## University Calculus: Early Transcendentals (3rd Edition)

(a) $$f^{-1}(x)=\frac{x}{m}$$ (b) The graph of the inverse of $y=f(x)=mx$ is a line through the origin with a non-zero slope $\frac{1}{m}$
$$y=f(x)=mx\hspace{1cm}m\ne0$$ (a) To find its inverse: 1) Solve for $x$ in terms of $y$: $$y=mx$$ $$x=\frac{y}{m}$$ 2) Interchange $x$ and $y$: $$y=\frac{x}{m}$$ Therefore, $$f^{-1}(x)=\frac{x}{m}$$ (b) As told in the exercise, $f(x)=mx$ in the graph is a line through the origin with a non-zero slope $m$. We found its inverse, which is $f^{-1}(x)=\frac{x}{m}$ If we replace $x=0$, we find that $f^{-1}(0)=\frac{0}{m}=0$. So the graph of the inverse also goes through the origin.

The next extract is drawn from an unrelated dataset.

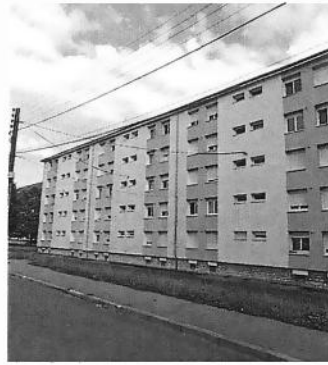
Vue depuis la rue Chopin au NORD du bâtiment
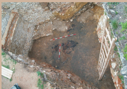
Južný palác - pivnica 3c (14. storočie), základ staršej stavby

Looking at the formula, we figure that the graph of the inverse is also a line, too, with a non-zero slope $\frac{1}{m}$ Therefore, we can conclude that the graph of the inverse of $y=f(x)=mx$ is a line through the origin with a non-zero slope $\frac{1}{m}$